17. The second of the appellant's contentions above noted, namely, that if the disabilities created by the Act of 1900 are not removed by ss. (1) the provisions of the Act of 1938 must also be held to be unaffected by ss. (1) is obviously untenable. The Act of 1938 was passed after the Constitution Act had come into force, and would be hit by s. 298 (1) even if it should be held that that subsection had no retrospective operation. The mere fact that the Legislature directed the Act of 1938 to be treated as an amendment to the Act of 1900, or that in many respects it adopted the frame-work of the older Act, cannot place the later enactment, for the present purpose, on the same footing as the earlier enactment.
Further, whatever the form or the underlying policy, the Act of 1938 deals with a class of cases not provided for in the Act of 1900 and makes provisions substantially different in nature and effect from those contained in the earlier enactment. If for the reasons already stated it offends in any degree the declaration contained in ss. (1) of s. 298, it must to that extent be held inoperative, save in so far as its operation may be saved by ss. (2).
18. It remains to consider the scope and effect of ss. (2) of s. 298. As already stated, it only saves laws prohibiting sales and mortgages, and even that only so far as such transactions relate to agricultural land. The other kinds of alienations prohibited by the combined operation of the Act of 1900 and the impugned Act will fall outside the scope of the saving clause. In the judgment of this Court in Megh Raj v. Allah Rakhia, the question has been discussed how far the definition of “land” contained in the Act of 1900 includes property which cannot be comprised in the ordinary connotation of the expression “agricultural land”. The question arose there on account of the doubt as to whether certain provincial legislation related to a matter specified in the Provincial List or to a matter falling within the Concurrent List. The question does not arise under the same circumstances in the present case; but as ss. (2) of s. 298 is limited in terms to “agricultural land”, the same question may become material in cases of the present kind. The transaction involved in this suit is however one by way of mortgage and also relates to agricultural land these questions need not therefore be further discussed in the present case.

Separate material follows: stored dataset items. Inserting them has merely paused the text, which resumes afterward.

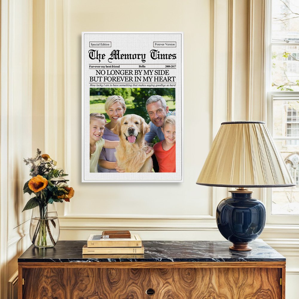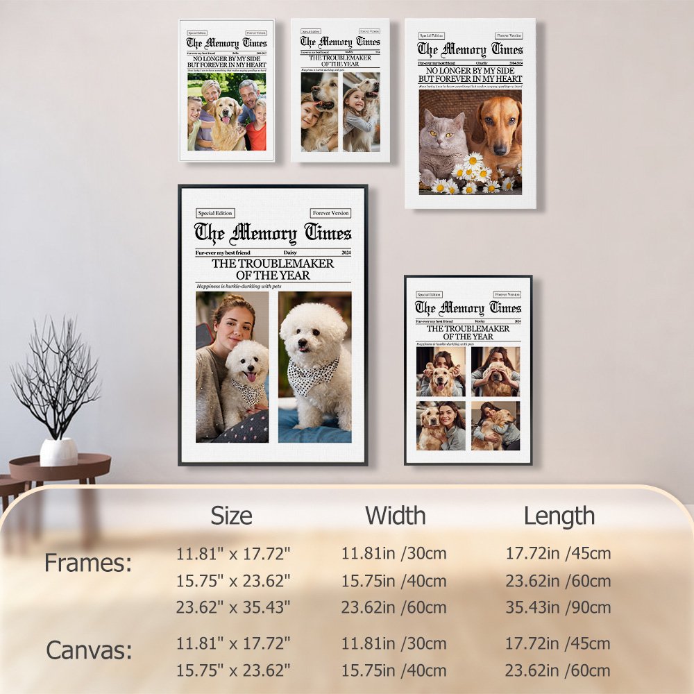 Este cuadro combina hábilmente el diseño de un periódico con elementos individuales. Su inspiración única en el diseño de periódicos añade un encanto clásico y moderno a los preciados recuerdos. Puede personalizar a su gusto las fotos conmemorativas, los textos y los nombres de sus mascotas, haciendo que cada pieza sea única y personal.
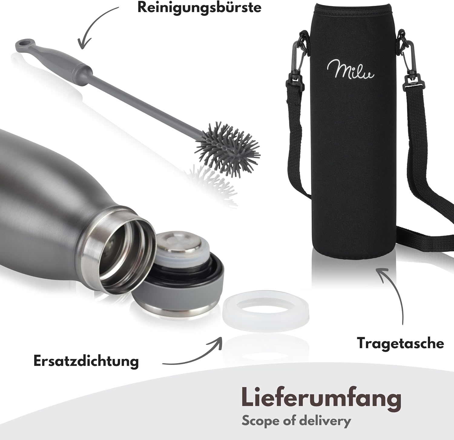 Milu Thermoflasche 350ml 500ml 750ml 1L 1,5L Isolierte Edelstahl Trinkflasche Thermoskanne Auslaufsi
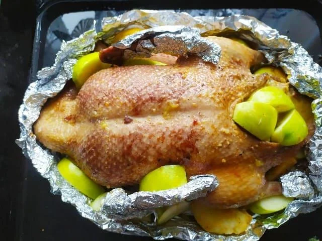 Качка з яблуками, запечена в духовці
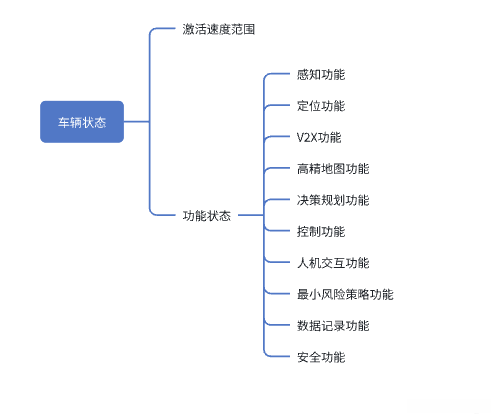 自动驾驶系统安全启动所需的功能状态指标是各功能模块完成自我检测并达到一致的状态。这一状态需包含系统的软硬件功能状态信息,并满足实现自动驾驶系统安全运行的必要条件要求。
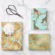 Gorgeous Giraffe Print Mint and Gold Wrapping Paper Sheets

19. It is however material to note that s. 298 (2) purports to save the operation of any law which prohibits the sale or mortgage of agricultural land, etc. What the impugned Act purports to do is not merely to prohibit such transactions being entered into after the date of the Act, but to vacate or nullify even titles or rights acquired before the passing of the Act; and as already stated, the suit transaction is one of 1933, i.e., five years before the passing of the Act. As held by the High Court, the word “prohibit” can only mean the forbidding of a transaction, and such a direction is appropriate only in respect of transactions to take place subsequently to the date of the direction. The word cannot include an attempt to reopen or set aside transactions already completed, or to vacate titles already acquired. The High Court was therefore justified in holding that the benefit of ss. (2) of s. 298 cannot be claimed for the impugned enactment so far as it purports to avoid transactions entered into or titles acquired before the impugned Act became law. It seems to have been contended before the High Court, on behalf of the Punjab Government, that the provisions in the impugned Act in so far as they relate to prior transactions are only in the nature of retrospective legislation and as such within the competence of the Provincial Legislature. This contention was rightly not pressed before us, for the obvious reason that the question for consideration here is not the extent to which an admitted power can be exercised by the Legislature, but the extent to which legislation which would be inoperative as contravening s.s. (1) of s. 298 is saved by ss. (2), and the answer to this question must turn only on the interpretation of s.s.. (2).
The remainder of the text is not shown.